We are producing dependent-instant-gratification-parasites. These ungrateful, immature and unhappy children are becoming the norm. They are not equipped to function in the real world.

Laziness is epidemic. It is not due to faulty genes but to a lack of motivation to do anything. The more their appetite for expensive items and activities is fed, the more dissatisfied they become. They care little for others except to manipulate someone into satisfying a momentary whim. “Getting over” on an authority figure is a fun game that takes no physical effort and little mental effort. Any enthusiasm is sparked in the child from passively receiving whatever they want not by contributing to others.

Modern children recognize the attitude of looking down on others is seen by their peers as acting “cool”. Their brand name possessions and gaming skills, not their abilities, are the way they define themselves. They are preoccupied with acknowledgement from their friends, not with winning favor from adults in order to join the mainstream world.
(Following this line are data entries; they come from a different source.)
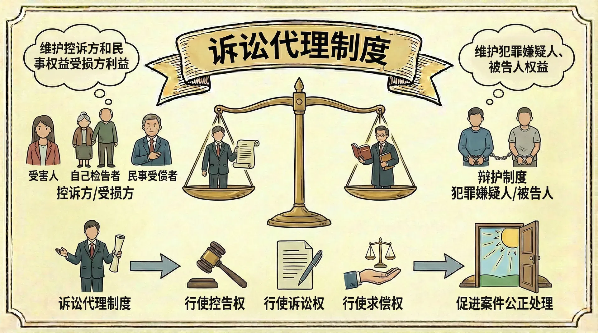 诉讼代理制度是保障被害人、自诉人及附带民事诉讼当事人合法权益的重要制度。与辩护制度主要维护犯罪嫌疑人、被告人权益不同,诉讼代理制度主要维护控诉方和民事权益受损方的利益。通过委托诉讼代理人,这些诉讼参与人可以获得专业的法律帮助,有效行使控告权、诉讼权和求偿权,促进案件的公正处理。
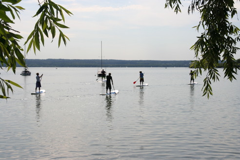 Das Stand Up Paddeln erfreut sich immer größerer Beliebtheit. Im Strandbad Chieming können Sie sich verschiedene Stand Up Paddelbretter ausleihen.
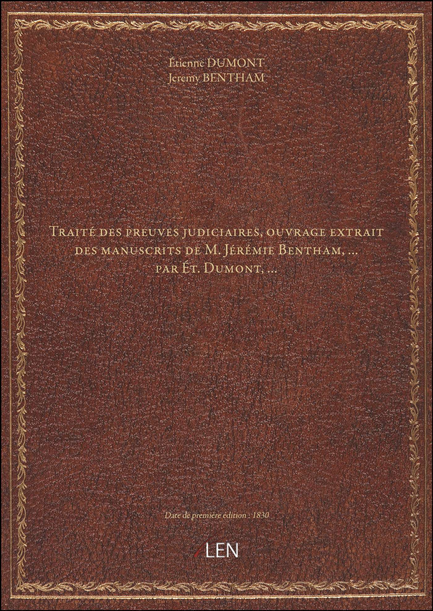 Titre complet : Traité des preuves judiciaires, ouvrage extrait des manuscrits de M. Jérémie Bentham,... par Ét. Dumont,...
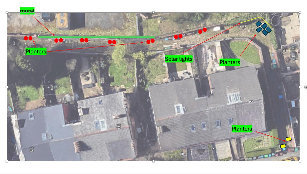 - Mural along the grey breeze block wall as a centre piece, which will hopefully make the alley more welcoming
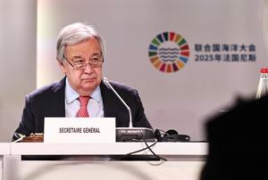 (250609) -- NIZA, 9 junio, 2025 (Xinhua) -- El secretario general de la Organización de las Naciones Unidas (ONU), António Guterres, asiste a la sesión de inauguración de la Tercera Conferencia de las Naciones Unidas sobre el Océano 2025 (UNOC3), en Niza, Francia, el 9 de junio de 2025. La UNOC3 se inauguró el lunes en Niza, una ciudad costera en el sur de Francia, bajo el tema "Acelerar la acción y movilizar a todos los actores para conservar y utilizar sosteniblemente el océano". (Xinhua/Gao Jing) (rtg) (oa) (ce)

The lifestyle of today’s children is like a perpetual “all inclusive resort” where the dedicated adults function to fulfill the members desire. The logos, jewelry, iPods, the latest video, money and most importantly having adults who are willing to provide them with riches and place them on a pedestal gives them a false superior attitude. Everyone and everything is beneath them. They cannot get any satisfaction.
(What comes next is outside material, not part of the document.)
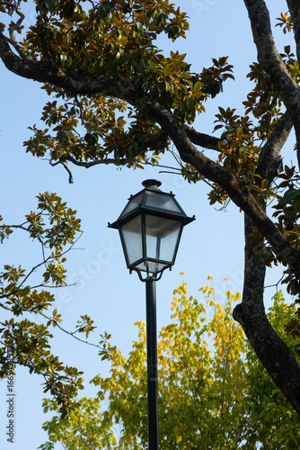 Classic street lamp surrounded by tree branches with green leaves, urban detail in Lisbon
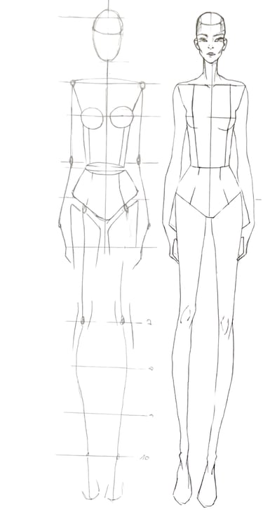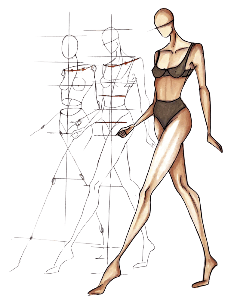 In lesson 2, we'll look at how to draw and colour a fashion silhouette of a woman in motion, following the proportions we saw in lesson 1. To complete the lesson, we will create a lingerie set.

The more despondent they act, the more their loved ones are supposed to bribe them with the next diversion. The greater the lack of enthusiasm for being alive the children demonstrate, the more they are coddled by their parents .
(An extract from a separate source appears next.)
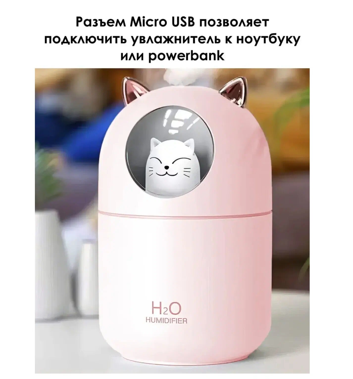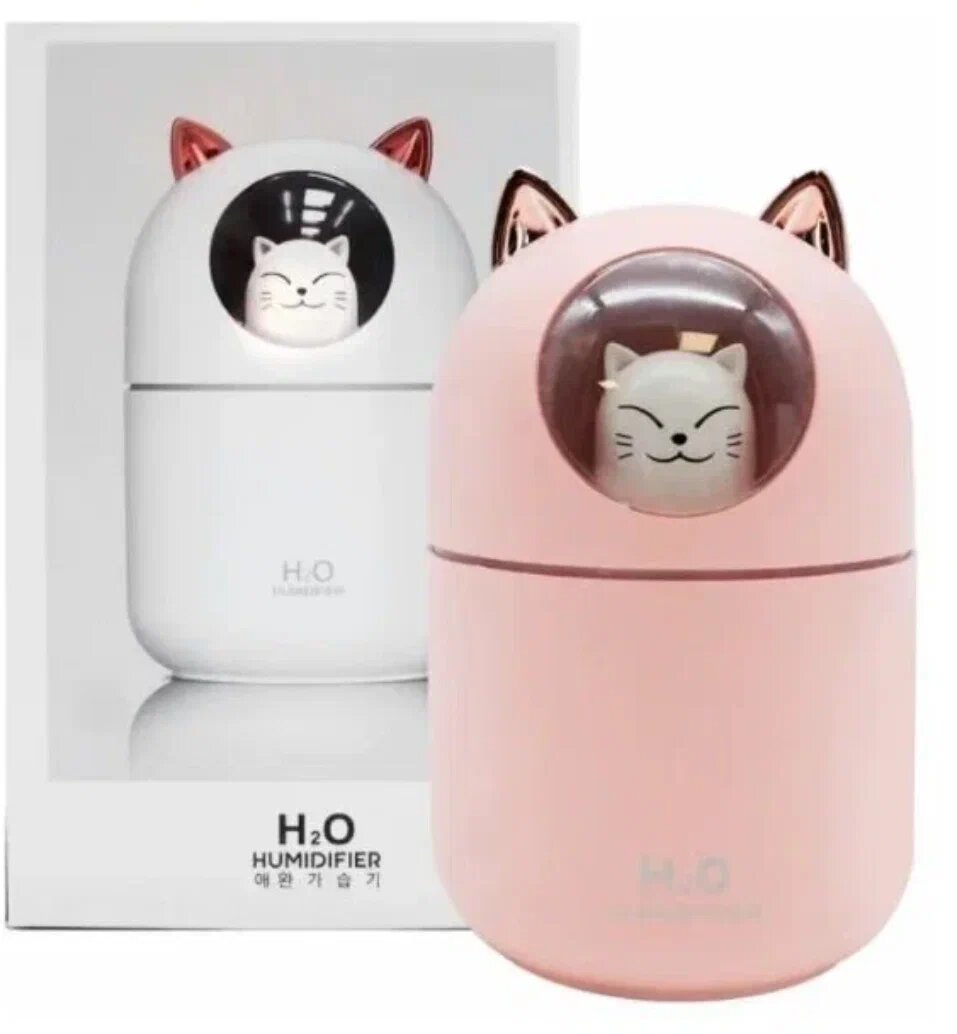 Увлажнитель воздуха мини Котик с подсветкой, ультразвуковой увлажнитель для дома, ночник светильник. Розовый интересное:

The problem with being lazy occurs when the “parent valets” stop doing for the child what he should be doing for himself. The lack of preparation in doing simple chores, organizing his time, setting goals, working towards them and learning perseverance leaves the child helpless and often hopeless to become a successful adult.

In our modern culture, it is cool and easy for children to be lazy. There is no reason for any person to want to be industrious if their every wish is met by their command. Children are conditioned by doting parents to appear they are working hard when they are hardly working.

The adage telling that “if you want something done, give it to a busy person” not to an idle one is as true today as in the past. Parents, teachers and all authority figures can assist children to become doers instead of fakers. Moving a child from a lazy state to an enthusiastic, live state can be accomplished by the following:

  • Stop negotiating with your child.
  • Recognize you are acting like a servant to your child and tell them “I did this when I was your age so it is time for you to do it now.”
  • Assist your child to become a self- competent, independent person.
  • Increase your expectations for your child to motivate them to complete the checklist of things necessary to become an adult.
  • Enforce time limits for homework and chores.
  • Demand your child always act appropriately, greet everyone with a cheerful demeanor and be a contributing family member.
  • Institute a policy of the child earning everything he gets.
  • Teach the child to delay gratification and increase frustration tolerance by encouraging them to solve their own problems with as little help as warranted.

Encourage your child in every way to grow up. Teach your children to help themselves rather than doing everything for them. This will allow them to outgrow their debilitating laziness that has become fashionable in our affluent nation.